Section 10 of Article VIII of the Constitution requires that "All cases involving the constitutionality of a treaty or law shall be heard and
decided by the Supreme Court in banc," and warns that "no treaty or law may be declared unconstitutional without the concurrence of
two-thirds of all the members of the Court." The question arises as to whether this judgment operates as invalidation of section 2545
of the Revised Administrative Code or a part of it so as to need at least eight votes to make effective. The answer should be in
negative.

We are not declaring any part of section 2545 of the Revised Administrative Code unconstitutional. What we declare is that the
particular provision thereof which gave the Chief Executive power to remove officers at pleasure has been repealed by the
Constitution and ceased to be operative from the time that instrument went into effect. Unconstitutionally, as we understand it, denotes
life and vigor, and unconstitutional legislation presupposes posteriority in point of time to the Constitution. It is a statute that "attempts
to validate and legalize a course of conduct the effect of which the Constitution specifically forbids (State ex-
rel. Mack vs. Guckenberger, 139 Ohio St., 273; 39 NE. [2d], 840.) A law that has been repealed is as good as if it had never been
enacted, and can not, in the nature of things, contravene or pretend to contravene constitutional inhibition. So, unlike legislation that is
passed in defiance of the Constitution, assertive and menacing, the questioned part of section 2545 of the Revised Administrative
Code does not need a positive declaration of nullity by the court to put it out of the way. To all intents and purposes, it is non-existent,
outlawed and eliminated from the statute book by the Constitution itself by express mandate before this petitioner was appointed.

Incidentally, the last discussion answers and disposes of the proposition that in accepting appointment under section 2545 of the
Revised Administrative Code, the petitioner must be deemed to have accepted the conditions and limitations attached to the
appointment. If the clause of section 2545 which authorized the President to remove officers of the City of Baguio at pleasure had
been abrogated when petitioner's appointment was issued, the appointee can not presumed to have abided by this condition.

We therefore hold that the petitioner is entitled to remain in office as City Engineer of Baguio with all the emoluments, rights and
privileges appurtenant thereto, until he resigns or is removed for cause, and that respondent Mallare's appointment is ineffective in so
far as it may adversely affect those emoluments, rights and privileges.
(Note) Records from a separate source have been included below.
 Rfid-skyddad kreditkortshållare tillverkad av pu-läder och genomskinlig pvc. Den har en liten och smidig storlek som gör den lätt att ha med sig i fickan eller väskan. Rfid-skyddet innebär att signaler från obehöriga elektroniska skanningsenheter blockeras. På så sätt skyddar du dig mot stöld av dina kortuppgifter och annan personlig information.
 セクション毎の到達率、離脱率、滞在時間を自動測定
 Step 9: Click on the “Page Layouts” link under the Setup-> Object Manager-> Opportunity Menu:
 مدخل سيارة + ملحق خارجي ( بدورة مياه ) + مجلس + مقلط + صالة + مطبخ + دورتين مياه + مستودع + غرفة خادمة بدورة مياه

Without costs.

Moran, C.J., Ozaeta, Paras, Pablo, and Montemayor, JJ., concur.

Separate Opinions

BENGZON, J., concurring:

I concur in the result solely upon the ground that section 2545 of the Baguio Charter (Administrative Code) empowering the President
to remove the City Engineer at pleasure has been impliedly repealed by section 22 of Commonwealth Act No. 177 which expressly
provides for the first time (following the mandate of the Constitution),that "no officer or employee in the civil service shall be removed
or suspended except for cause as provided by law."
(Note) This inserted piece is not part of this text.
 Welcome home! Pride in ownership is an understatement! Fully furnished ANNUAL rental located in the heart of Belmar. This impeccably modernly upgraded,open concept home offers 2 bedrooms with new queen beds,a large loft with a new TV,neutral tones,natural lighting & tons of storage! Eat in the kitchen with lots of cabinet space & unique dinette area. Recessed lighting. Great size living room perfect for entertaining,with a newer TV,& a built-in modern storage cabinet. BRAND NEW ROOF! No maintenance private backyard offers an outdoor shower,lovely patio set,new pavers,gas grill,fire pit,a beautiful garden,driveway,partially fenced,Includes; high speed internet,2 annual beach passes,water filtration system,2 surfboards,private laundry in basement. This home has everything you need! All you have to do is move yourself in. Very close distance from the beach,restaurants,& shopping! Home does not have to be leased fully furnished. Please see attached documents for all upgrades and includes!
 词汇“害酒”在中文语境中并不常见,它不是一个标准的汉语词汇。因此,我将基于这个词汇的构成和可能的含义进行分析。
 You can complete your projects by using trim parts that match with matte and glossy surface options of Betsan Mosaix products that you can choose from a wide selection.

I must decline to go into the matter of alleged conflict with the Constitution, first, because plaintiff is precluded from raising that
question (Zandueta vs. De la Costa, 66 Phil., 615); second, because every law is presumed to be constitutional unless eight Justices
of this Court are clearly of a contrary opinion, 1 and third, because that subject need not be inquired into, except when absolutely
necessary for the disposition of the controversy.